> **Task item**
The whole listing should be retyped word for word, apart from the pictures it holds.

> **Given data**
══════
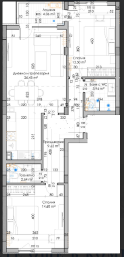 Апартамента е на степен на завършеност-шпакловка и замазка.
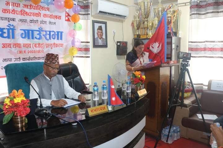 झापा गाउँपालिकाका अध्यक्ष जयनारायण साहको सभापतित्वमा सम्पन्न सभामा गाउँपालिकाकी उपाध्यक्ष अन्जुदेवी थपलियाले गाउँपालिकाको चौधौं गाउँ सभा मार्फत गाउँपालिकाको आर्थिक वर्ष २०८०र०८१ को बजेट प्रस्तुत गर्नुभएको हो ।
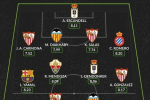 体育资讯9月1日讯 本轮西甲战罢,数据网站Whoscored也评出本轮西甲最佳阵,其中亚马尔领衔入选,具体如下:
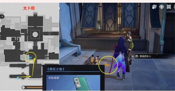 3、接着来到太卜司和npc焦急的女人对话后在地上捡到第二本书狂之卷。
══════
> **Output for this task**
 Апартамента е на степен на завършеност-шпакловка и замазка.
 झापा गाउँपालिकाका अध्यक्ष जयनारायण साहको सभापतित्वमा सम्पन्न सभामा गाउँपालिकाकी उपाध्यक्ष अन्जुदेवी थपलियाले गाउँपालिकाको चौधौं गाउँ सभा मार्फत गाउँपालिकाको आर्थिक वर्ष २०८०र०८१ को बजेट प्रस्तुत गर्नुभएको हो ।
 体育资讯9月1日讯 本轮西甲战罢,数据网站Whoscored也评出本轮西甲最佳阵,其中亚马尔领衔入选,具体如下:
 3、接着来到太卜司和npc焦急的女人对话后在地上捡到第二本书狂之卷。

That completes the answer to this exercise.